Kane’s final implications validity asks, “how does this decision impact the progression of the candidate in the assessment process?” The progression aspect of the Hot Case examination is significant and relevant, as the second part examination rules specify that the whole examination is failed automatically if the candidate fails both Hot Cases and receives a mark below 40% in the Hot Case component. 17 These progression criteria apply regardless of candidates’ performance in the written or viva sections, implying that proficiency in the clinical environment is seen as a vital aspect of being satisfactory in the overall examination. This statement could be seen as face validity, whereby an assessment appears effective in terms of its stated aims. Kane’s implications validity suggests that Hot Cases are seen as integral to being satisfactory in the overall examination. By necessity, Kane’s scoring validity, generalisation validity and extrapolation validity must be optimised to ensure that the implications validity is achieved.
Kane’s framework demonstrates that ensuring validity of an assessment requires attention to all parts of the process, not just the content itself.

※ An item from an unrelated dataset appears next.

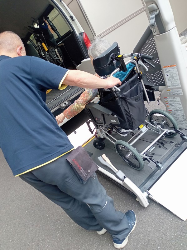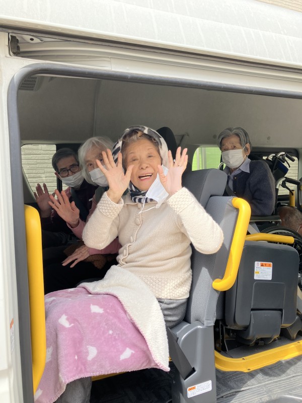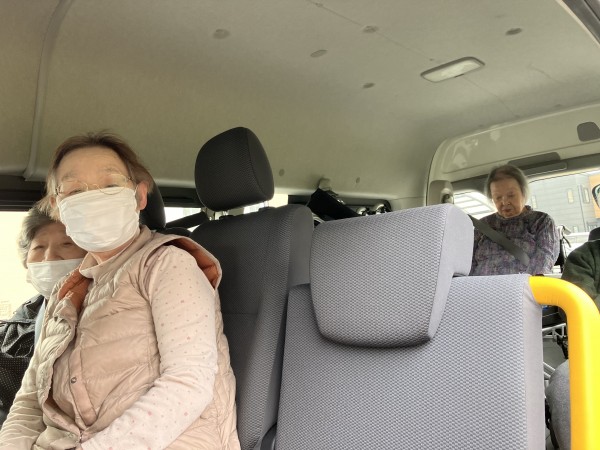 車に乗るのは久しぶり…とお花だけではなく、いろいろなお店や町の中の様子も楽しまれています。古くから住んでいらっしゃる方はここには昔〇〇があったんだなどと詳しくお話ししてくださいます。
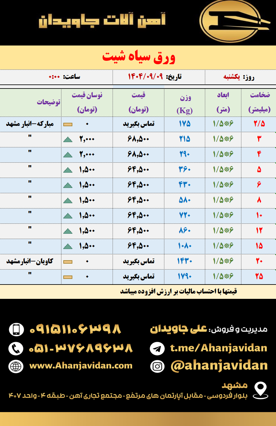 آهن آلات جاویدان آهن جاویدان قیمت تسمه عرض 20 سانت قیمت تیر آهن مشهد قیمت سپری قیمت میلگرد آجدار قیمت میلگرد ساده قیمت ناودانی قیمت نیشی قیمت وال پست قیمت ورق سیاه رول قیمت ورق سیاه شیت قیمت ورق سیاه شیت عرض کوتاه قیمت پروفیل ورق روغنی

In practice, this means that for an organisation to maintain the validity of its assessments, it must continually review and amend the process as knowledge and understanding of assessment evolve. The CICM recognises this and recently requested and underwent a review of its assessment processes by the Australian Council for Educational Research as part of its ongoing requirement for accreditation as a specialist medical college by the Australian Medical Council.

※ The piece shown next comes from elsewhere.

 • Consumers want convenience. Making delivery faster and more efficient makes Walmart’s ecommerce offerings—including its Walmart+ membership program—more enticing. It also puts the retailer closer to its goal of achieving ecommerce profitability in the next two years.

Reliability argument for the Hot Case examination

Van der Vleuten’s utility equation 12 views assessment through the variables of validity, reliability, educational impact, acceptability and cost. There is overlap between the utility equation and Kane’s framework, particularly the closely related variables of validity and reliability.
Reliability measures how consistently an assessment measures performance and the impact of task, patient, examiner and assessment context. 12 Reliability primarily affects candidates closest to the pass/fail boundary, with those having clearly passed or failed being less affected by assessment consistency. Reliability is quantified using the reliability coefficient from 0 (completely unreliable) to 1 (completely reliable). For high-stakes assessment, the minimal acceptable value is 0.8, equating to a 20% false negative/false positive rate. 11 While increasing the structure of assessment with scoring keys and standardised protocols improves reliability, increasing the assessment sample size is the most effective method of improvement, as highlighted by the Royal Australasian College of Physicians. A single one-hour clinical long case reliability coefficient is 0.38, with 4–5 hours of assessment time required to achieve a reliability coefficient greater than 0.7. 18 Decisions made based on assessment tasks should reflect the quality of information the task provides. 19 In high-stakes assessment, increasing the assessment time maximises the final decision strength. 20
Theoretically, if an examination measures performance reliably, a candidate’s individual Hot Case marks should correlate strongly. The reliability coefficient of the CICM Hot Case examination is not reported in the assessment outline and is likely to be low, based on the total assessment time of 40 minutes. Generalisability theory is a statistical methodology that estimates an overall assessment of reliability plus analysis of the relative contributions of the candidate, case and examiner to the overall reliability. 18 If the reliability coefficient is unacceptable after the statistical analysis is completed, increasing the total assessment time through more cases (currently two), more time per case (currently 20 minutes) or both can be considered. Hot Cases are performed with two examiners and an overseeing senior examiner. If examiners are well trained and candidates have different examiners per case, increasing the number of examiners would improve reliability less than increasing the overall assessment time. 12 In candidates with borderline performance, gathering more data by increasing the assessment time is required to justify the final decision. 9 This is important given the significant consequences of failing the examination.
Candidates are currently required to perform four satisfactory formative Hot Cases before applying for the second part examination. 21 These cases are performed with a CICM supervisor of training or delegated CICM Fellow. Including these cases in the summative process would increase the reliability of the Hot Cases. However, this would require significant CICM faculty development and review of the validity and reliability, as highlighted in this article. The process of using more frequently collected information about trainees’ competence, providing feedback to inform trainees of performance, and allowing summative decisions to be based on multiple sources of information is an assessment paradigm called programmatic assessment. 22, 23 Programmatic assessment is gaining favour in health care education settings such as medical schools and specialist colleges.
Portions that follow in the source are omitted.